With regard to the hemodynamic factors, our review found that lower systolic and diastolic BP predicted in-hospital mortality following CRRT. Our finding was in line with existing evidence that the chief complication of CRRT is hypotension, which can cause major adverse events, such as myocardial infarction and stroke [39,40]. An existing study involving 1743 patients showed that the incidence of hypotension within one hour of starting CRRT was 64.6%, and that the in-hospital mortality rate was as high as 51% [41]. Although CRRT has good hemodynamic tolerance for critically ill patients, reducing patients’ BP and further worsening of their renal function may sometimes be unavoidable during CRRT [42]. Accordingly, close monitoring of hemodynamics is necessary to ensure timely adjustment in response to hemodynamic instability during CRRT. Our study also identified higher serum sodium levels at the initiation of CRRT as a risk factor for increasing in-hospital mortality. This finding is similar to previous work that showed hypernatremia (high sodium) to lead to longer lengths of stay in hospital and a higher risk of mortality, compared with critically ill patients with normonatremia [43]. However, a recent study reported that serum sodium levels 24 to 72 h after CRRT did not predict mortality [44]. The severity of AKI depends on the increase in serum creatinine level, which is one of the important determinants of deciding to initiate renal replacement therapies worldwide [45,46,47]. In contrast, low levels of serum creatinine at CRRT initiation increased the risk of in-hospital mortality, according to this review. This implies that biochemical laboratory data—including serum sodium and creatinine level—should be further investigated to identify their influence on in-hospital mortality in patients requiring CRRT.

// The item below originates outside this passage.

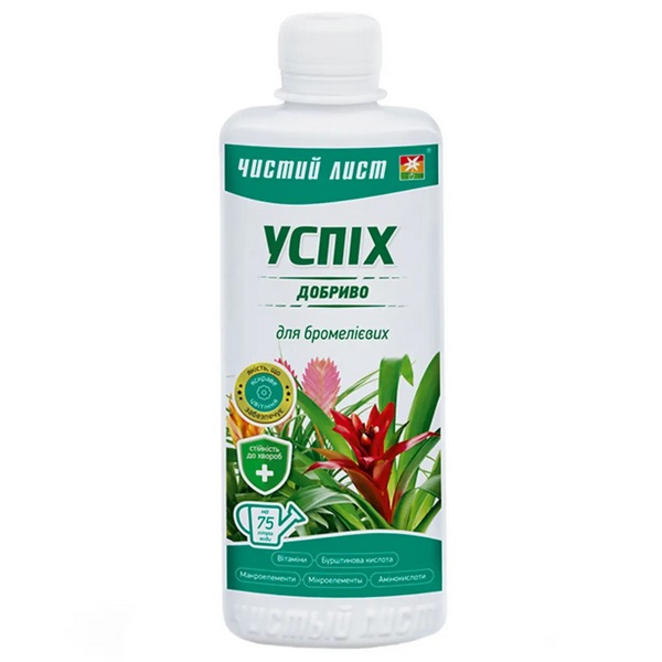 Удобрение "Чистый лист Успех" для бромелиевых – комплексная минеральная подкормка для всех видов комнатных растений. Содержит все необходимые макро и микроэлементы, доступной для полноценного питания растений форме. Благодаря использованию высококачественного сырья подкормка обладает высокой проникающей способностью через поверхность листа. Повышает стойкость к заболеваниям. Предотвращает развитие хлороза.

Based on the findings of this review, the in-hospital mortality rate after CRRT for critically ill patients ranged from 38.6% to 62.4%. With the exception of one small-sized study of 70 participants [21], most studies included in this review involved about 200 critically ill patients and had high mortality rates of more than 50%. A recent meta-analysis reported that AKI patients who received CRRT had a 21% higher in-ICU mortality than patients with intermittent hemodialysis [48]. Despite this, very few studies have examined the relationship between CRRT and in-hospital mortality. In this review, we identified several factors that are associated with in-hospital mortality in critically ill patients undergoing CRRT, which may be useful in predicting both short- and long-term outcomes. Further, our findings could contribute to developing a standardized assessment tool for determining the prognosis of critically ill patients after CRRT initiation.

There are several potential limitations to our study. First, our findings are limited in their generalizability, due to the small number of participants included and the small number of studies. Second, we only included published literature and peer-reviewed articles written in English. This review may have overlooked related unpublished research or articles written in other languages. Third, there was a difference in the time of measurement of in-hospital mortality rate between the included studies (7, 28, or 90 days). However, it was not possible to determine the difference in timing of measurement and the relationship with in-hospital mortality rate. Finally, as the included studies did not report on psychological factors, such as depression or anxiety, we were unable to detect an association with in-hospital mortality. Therefore, further studies considering the effect of psychological factors on in-hospital mortality for critically ill patients receiving CRRT are needed.

5. Conclusions

This study systematically reviewed multiple modifiable predictors that are independently related to a higher risk of in-hospital mortality among critically ill patients undergoing CRRT. These predictors can contribute to developing a standardized assessment tool for the prognosis of critically ill patients after CRRT initiation. Future large-scale cohort studies are required to confirm our results.